Jednak doniesieniom tym stanowczo zaprzecza inny doradca prezydenta prof. Adam Glapiński. "- Proponował to Ryszard Bugaj, na co prezes Skrzypek odparł, że w ogóle nie bierze tego pod uwagę - twierdzi prezydencki ekspert" czytamy w gazecie. Były minister finansów Mirosław Gronicki jest zdania, że w procesie wykupu obligacji rząd mógłby wykorzystać pożyczkę celową z MFW w wysokości 20 mld zł.
Tymczasem rząd znajduje się pod coraz większą presją, ze względu na konieczność nowelizacji określanego przez wielu jako "nieodpowiedzialny" budżetu na ten rok. - Dochody budżetu mogą być mniejsze o 40 mld zł - wylicza prof. Gomułka.
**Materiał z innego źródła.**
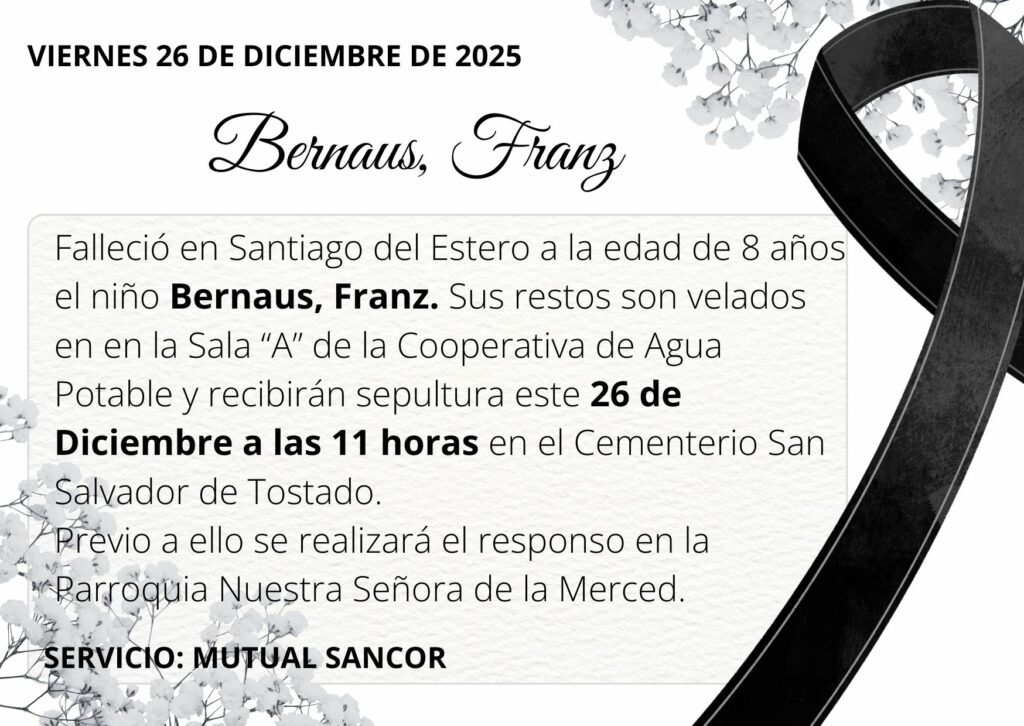 alleció en Santiago del Estero a la edad de 8 años el niño Bernaus, Franz. Sus restos son velados en en la Sala “A” de la Cooperativa de Agua Potable y recibirán sepultura este 26 de Diciembre a las 11 horas en el Cementerio San Salvador de Tostado.

"Nasi rozmówcy z rządu twierdzą, że MF rozważa wzrost deficytu budżetowego z obecnych 18,2 mld zł do 23-25 mld zł. Rząd chce też znaleźć dodatkowe 14-16 mld zł. - W grę wchodzi tylko podniesienie składki rentowej, która teraz wynosi 7 proc. Każdy procent w górę to dodatkowe 4 mld zł - mówi jeden z naszych rozmówców" pisze "Gazeta Wyborcza".
"Rozważany jest wariant "solidarny", czyli podwyżka składki rentowej o 4 proc. rozłożona po połowie między pracodawców i pracowników. Rząd "zarobiłby" w ten sposób ok. 16 mld zł" czytamy w gazecie.
Wielu ekonomistów w tym Zyta Gilowska, również obecna na spotkaniu z prezydentem, krytykuje ten pomysł. Z drugiej strony pojawiają się pomysły, aby zamiast finansowania dziury w budżecie rządu z opodatkowania pracy, obniżyć podatek VAT co ożywi stronę popytową, która nakręci produkcję. Taką propozycję złożył prof. Glapiński.
Więcej na ten temat w artykule Agaty Nowakowskiej "Prezydent Kaczyński chce dodrukować pieniędzy?" w "Gazecie Wyborczej".
Mateusz -pusty pieniądz to pieniądz bez pokrycia w towarze.Osobiście przeżyłem to w latach 80 i 70 ub.wieku.Dlatego też wstawianie takich słów w usta prezydenta to normalne nadużycie.
W Polsce nie ma możliwości w obecnym czasie drukowania pustego pieniądza bo półki sklepów są pełne.
Gregg Sparrow [Usunięty]
Wysłany: 2009-05-10, 16:16
mareks napisał/a:
Mateusz -pusty pieniądz to pieniądz bez pokrycia w towarze.Osobiście przeżyłem to w latach 80 i 70 ub.wieku.Dlatego też wstawianie takich słów w usta prezydenta to normalne nadużycie.
W Polsce nie ma możliwości w obecnym czasie drukowania pustego pieniądza bo półki sklepów są pełne.
W Polsce nie ma możliwości w obecnym czasie drukowania pustego pieniądza bo półki sklepów są pełne.
OK. Więc merytorycznie powiem, że to zdanie jest kompletną bzdurą...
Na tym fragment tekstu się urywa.